*** Block opens ***
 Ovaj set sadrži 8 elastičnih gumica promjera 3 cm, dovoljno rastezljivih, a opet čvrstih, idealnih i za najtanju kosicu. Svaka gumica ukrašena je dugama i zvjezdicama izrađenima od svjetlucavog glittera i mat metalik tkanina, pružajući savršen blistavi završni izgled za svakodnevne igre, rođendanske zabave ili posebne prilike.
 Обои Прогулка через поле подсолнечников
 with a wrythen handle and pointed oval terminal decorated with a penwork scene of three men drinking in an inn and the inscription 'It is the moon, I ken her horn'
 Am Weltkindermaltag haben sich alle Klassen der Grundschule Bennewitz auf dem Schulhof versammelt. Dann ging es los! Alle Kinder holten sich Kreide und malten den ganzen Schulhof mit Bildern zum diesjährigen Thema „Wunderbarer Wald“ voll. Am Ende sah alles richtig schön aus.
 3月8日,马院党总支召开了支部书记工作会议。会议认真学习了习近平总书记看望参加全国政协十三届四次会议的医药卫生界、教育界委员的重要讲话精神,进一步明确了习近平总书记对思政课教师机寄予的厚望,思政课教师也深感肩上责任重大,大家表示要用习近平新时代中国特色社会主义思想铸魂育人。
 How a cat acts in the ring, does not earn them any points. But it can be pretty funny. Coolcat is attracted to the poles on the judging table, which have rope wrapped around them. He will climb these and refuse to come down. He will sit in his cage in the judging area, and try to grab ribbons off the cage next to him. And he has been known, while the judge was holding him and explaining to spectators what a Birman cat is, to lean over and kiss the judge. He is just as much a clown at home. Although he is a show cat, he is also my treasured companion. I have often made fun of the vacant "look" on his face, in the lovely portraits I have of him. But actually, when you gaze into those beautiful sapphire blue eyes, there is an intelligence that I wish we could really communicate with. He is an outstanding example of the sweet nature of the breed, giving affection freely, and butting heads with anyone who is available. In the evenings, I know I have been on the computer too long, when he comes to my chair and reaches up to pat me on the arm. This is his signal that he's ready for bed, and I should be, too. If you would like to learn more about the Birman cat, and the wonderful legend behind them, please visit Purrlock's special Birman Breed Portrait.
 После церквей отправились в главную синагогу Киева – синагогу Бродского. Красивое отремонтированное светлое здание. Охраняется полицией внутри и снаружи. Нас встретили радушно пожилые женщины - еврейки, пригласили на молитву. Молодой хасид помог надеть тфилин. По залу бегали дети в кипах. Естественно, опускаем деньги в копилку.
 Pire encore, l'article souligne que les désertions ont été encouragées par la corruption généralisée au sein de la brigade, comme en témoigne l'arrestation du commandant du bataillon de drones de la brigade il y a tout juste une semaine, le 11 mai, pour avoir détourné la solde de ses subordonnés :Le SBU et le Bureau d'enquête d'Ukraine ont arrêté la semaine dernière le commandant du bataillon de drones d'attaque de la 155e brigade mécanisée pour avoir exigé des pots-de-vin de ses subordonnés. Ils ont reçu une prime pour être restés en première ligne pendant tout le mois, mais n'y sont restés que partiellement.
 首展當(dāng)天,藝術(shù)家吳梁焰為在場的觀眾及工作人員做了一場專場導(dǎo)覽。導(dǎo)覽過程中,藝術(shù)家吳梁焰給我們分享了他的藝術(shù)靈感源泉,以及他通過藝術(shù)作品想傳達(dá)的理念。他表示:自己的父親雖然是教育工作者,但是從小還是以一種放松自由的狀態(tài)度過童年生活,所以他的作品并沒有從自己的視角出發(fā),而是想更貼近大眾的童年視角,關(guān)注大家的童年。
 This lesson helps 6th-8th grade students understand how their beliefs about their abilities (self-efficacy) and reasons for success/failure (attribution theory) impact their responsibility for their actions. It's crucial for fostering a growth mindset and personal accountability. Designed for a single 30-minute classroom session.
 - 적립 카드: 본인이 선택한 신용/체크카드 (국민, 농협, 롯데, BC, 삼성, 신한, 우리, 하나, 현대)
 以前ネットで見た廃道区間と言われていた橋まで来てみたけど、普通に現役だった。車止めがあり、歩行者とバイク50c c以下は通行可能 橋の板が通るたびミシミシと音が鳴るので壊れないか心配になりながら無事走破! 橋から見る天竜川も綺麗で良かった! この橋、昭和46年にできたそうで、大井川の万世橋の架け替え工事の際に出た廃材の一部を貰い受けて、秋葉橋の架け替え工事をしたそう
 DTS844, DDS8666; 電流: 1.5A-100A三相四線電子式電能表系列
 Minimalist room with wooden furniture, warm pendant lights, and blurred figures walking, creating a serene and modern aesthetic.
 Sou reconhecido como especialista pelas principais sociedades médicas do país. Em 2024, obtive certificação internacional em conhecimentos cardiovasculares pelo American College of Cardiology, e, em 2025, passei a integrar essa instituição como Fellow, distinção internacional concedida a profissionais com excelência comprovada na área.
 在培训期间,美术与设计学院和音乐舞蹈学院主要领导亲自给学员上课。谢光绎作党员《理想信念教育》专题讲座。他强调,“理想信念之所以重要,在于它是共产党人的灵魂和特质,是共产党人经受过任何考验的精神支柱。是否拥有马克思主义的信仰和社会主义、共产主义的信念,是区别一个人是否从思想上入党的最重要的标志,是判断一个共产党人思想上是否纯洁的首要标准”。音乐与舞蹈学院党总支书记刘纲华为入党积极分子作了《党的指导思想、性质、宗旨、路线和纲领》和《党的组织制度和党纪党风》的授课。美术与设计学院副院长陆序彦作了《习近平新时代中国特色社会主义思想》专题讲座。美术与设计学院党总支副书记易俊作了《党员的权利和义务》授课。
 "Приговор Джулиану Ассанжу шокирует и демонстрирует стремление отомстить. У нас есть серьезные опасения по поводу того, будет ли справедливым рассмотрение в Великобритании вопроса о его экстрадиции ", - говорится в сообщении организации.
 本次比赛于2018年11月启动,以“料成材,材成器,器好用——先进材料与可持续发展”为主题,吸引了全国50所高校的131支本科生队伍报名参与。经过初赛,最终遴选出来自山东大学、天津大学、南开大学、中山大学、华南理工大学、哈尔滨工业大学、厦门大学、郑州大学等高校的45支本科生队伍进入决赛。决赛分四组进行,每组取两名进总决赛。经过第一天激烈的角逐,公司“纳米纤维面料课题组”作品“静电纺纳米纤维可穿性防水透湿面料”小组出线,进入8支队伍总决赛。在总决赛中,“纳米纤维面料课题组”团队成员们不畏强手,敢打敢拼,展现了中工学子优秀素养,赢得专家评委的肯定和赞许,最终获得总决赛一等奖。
*** Block closes ***
Wherever a line of the listing above contains the string "pendant", copy that line.

ANSWER BELOW:
 Pire encore, l'article souligne que les désertions ont été encouragées par la corruption généralisée au sein de la brigade, comme en témoigne l'arrestation du commandant du bataillon de drones de la brigade il y a tout juste une semaine, le 11 mai, pour avoir détourné la solde de ses subordonnés :Le SBU et le Bureau d'enquête d'Ukraine ont arrêté la semaine dernière le commandant du bataillon de drones d'attaque de la 155e brigade mécanisée pour avoir exigé des pots-de-vin de ses subordonnés. Ils ont reçu une prime pour être restés en première ligne pendant tout le mois, mais n'y sont restés que partiellement.
 Minimalist room with wooden furniture, warm pendant lights, and blurred figures walking, creating a serene and modern aesthetic.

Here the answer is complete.